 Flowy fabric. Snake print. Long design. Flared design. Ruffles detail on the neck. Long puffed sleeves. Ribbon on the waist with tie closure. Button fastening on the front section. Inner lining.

= = = = = = =

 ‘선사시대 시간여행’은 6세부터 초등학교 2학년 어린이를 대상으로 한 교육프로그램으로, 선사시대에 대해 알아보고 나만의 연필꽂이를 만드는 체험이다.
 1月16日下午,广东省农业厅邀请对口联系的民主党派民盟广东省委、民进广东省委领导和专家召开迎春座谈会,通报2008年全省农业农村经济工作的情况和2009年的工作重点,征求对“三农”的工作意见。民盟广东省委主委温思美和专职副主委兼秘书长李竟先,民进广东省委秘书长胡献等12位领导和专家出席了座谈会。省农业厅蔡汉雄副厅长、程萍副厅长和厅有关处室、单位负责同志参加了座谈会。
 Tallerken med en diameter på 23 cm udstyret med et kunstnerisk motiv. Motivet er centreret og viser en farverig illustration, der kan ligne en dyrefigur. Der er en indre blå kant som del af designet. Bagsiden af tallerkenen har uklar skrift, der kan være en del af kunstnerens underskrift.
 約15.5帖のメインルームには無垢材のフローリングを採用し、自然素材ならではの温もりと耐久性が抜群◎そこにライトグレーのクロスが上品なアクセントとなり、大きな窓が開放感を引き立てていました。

= = = = = = =

Could you repeat exactly the lines in the listing above from the one with "Tallerken med en" down to the one with "約15.5帖のメインルームに"? Include both of those lines.

 Tallerken med en diameter på 23 cm udstyret med et kunstnerisk motiv. Motivet er centreret og viser en farverig illustration, der kan ligne en dyrefigur. Der er en indre blå kant som del af designet. Bagsiden af tallerkenen har uklar skrift, der kan være en del af kunstnerens underskrift.
 約15.5帖のメインルームには無垢材のフローリングを採用し、自然素材ならではの温もりと耐久性が抜群◎そこにライトグレーのクロスが上品なアクセントとなり、大きな窓が開放感を引き立てていました。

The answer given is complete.